Self-employment is on the increase in the UK, according to the Office for National Statistics.

From the start of the economic downturn in 2008 up until the end of 2012 a total of 367,000 people became self-employed – 60% of them making the move between 2011 and 2012.

Many of those becoming self-employed are doing so in order to bring in extra income – people saving for their first house for example.

However, those applying for a mortgage must prove their income, causing many to worry about a lack of adequate financial records.

Normally, if you’re employed the situation is fairly straightforward – the lender will want to see evidence that you’re able to make the repayments, usually in the form of payslips and bank statements.
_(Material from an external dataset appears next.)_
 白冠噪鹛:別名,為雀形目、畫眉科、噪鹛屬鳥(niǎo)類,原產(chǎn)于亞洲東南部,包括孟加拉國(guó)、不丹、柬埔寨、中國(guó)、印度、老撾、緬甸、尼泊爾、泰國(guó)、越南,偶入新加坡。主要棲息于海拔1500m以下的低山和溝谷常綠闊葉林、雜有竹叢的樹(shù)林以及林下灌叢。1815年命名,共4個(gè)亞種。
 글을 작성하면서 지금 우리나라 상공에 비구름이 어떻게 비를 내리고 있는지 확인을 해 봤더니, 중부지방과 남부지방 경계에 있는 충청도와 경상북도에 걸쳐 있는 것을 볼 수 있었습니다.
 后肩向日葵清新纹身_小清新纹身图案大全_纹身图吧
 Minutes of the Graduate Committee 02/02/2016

If you’re self-employed, a lender will normally ask you to provide a business account going back two years – along with a copy of your SA302 form. Which begs the following question…

What is an SA302 form?

Once you have submitted your accounts for the year, HMRC will respond by sending you an SA302 form.

This states how much tax you owe or have overpaid by – effectively a calculation from HMRC showing your total income.
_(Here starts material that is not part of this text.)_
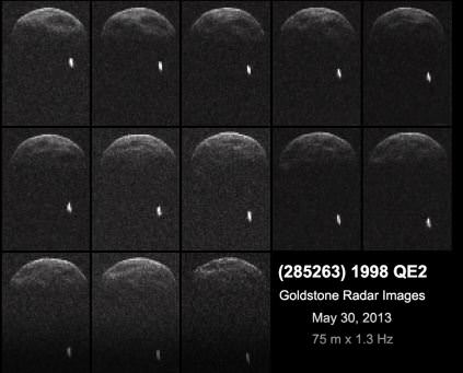Late yesterday, NASA turned the 230-foot (70-meter) Deep Space Network antenna at Goldstone, California towards Asteroid 1998 QE2 as it was heading towards its closest approach to Earth, and they got a big surprise: the asteroid is a binary system. 1998 QE2 itself is 1.7 miles (2.7 kilometers) in diameter, and the newly found orbiting moon is about 600 meters in diameter.

It’s also an accurate way to ensure that the income declared on a mortgage application is correct.

If you are self-employed or a small business owner, your best bet is to order a copy of the form right at the start of your mortgage application. You can do this by contacting HMRC.
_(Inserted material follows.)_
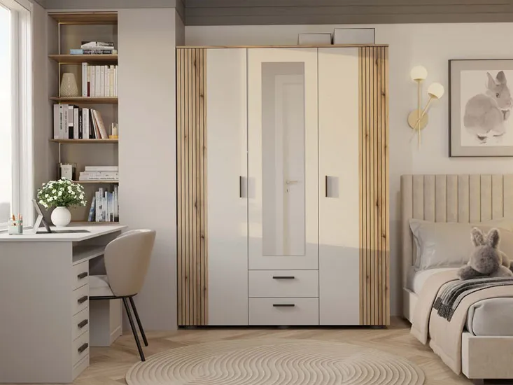 Wyobraź sobie poranek, w którym wszystko masz pod kontrolą. Budzisz się bez pośpiechu, otwierasz elegancką szafę, a Twoje ubrania czekają uporządkowane, gotowe na każdy scenariusz dnia. Lustro w drzwiach odbija ciepłe światło poranka, a Ty z uśmiechem przymierzasz ulubiony zestaw. To nie sen – to codzienność z szafą Dilsox marki Edinos Premium, która łączy nowoczesny design z praktycznymi rozwiązaniami. Zaprojektowana z myślą o estetyce i komforcie, świetnie odnajdzie się zarówno w sypialni, przedpokoju, jak i garderobie.

Applying for the SA302 form

Your accountant may have this on file already or can request one on your behalf. If you don’t have a copy then you’ll have to order one from HMRC.

You can do this by calling HMRC on 0845 900 0444 and requesting for the form to be posted.

Make sure you’ve ticked everything off on the following checklist – don’t wait all that time on hold listening to music only to be told you don’t have the right information to hand.

You’ll need:

  • Full name and address of the person applying for an SA302 form
  • Date of birth
  • 10 digit individual tax code
  • National Insurance number

Remember as well that HMRC are notorious for taking their time so don’t give them a reason to dawdle.

Get everything you’ll need for the application. That means getting the figures right so check with your lender if you’re unsure.

It’s also worth getting a reference for the application so if you feel the process is taking too long you can chase it up with HMRC. Don’t relent either – get the operator’s direct line if you can.

One last thing to remember: if you’re self-employed you may have National Insurance contributions on the calculation.

Can’t wait that long?

chartered accountant’s letter confirming your income may be accepted as an alternative – but letters from other qualified accountants may not.

Please speak to your lender to see what they require and make sure your accountant is chartered (a member of the ICAEW).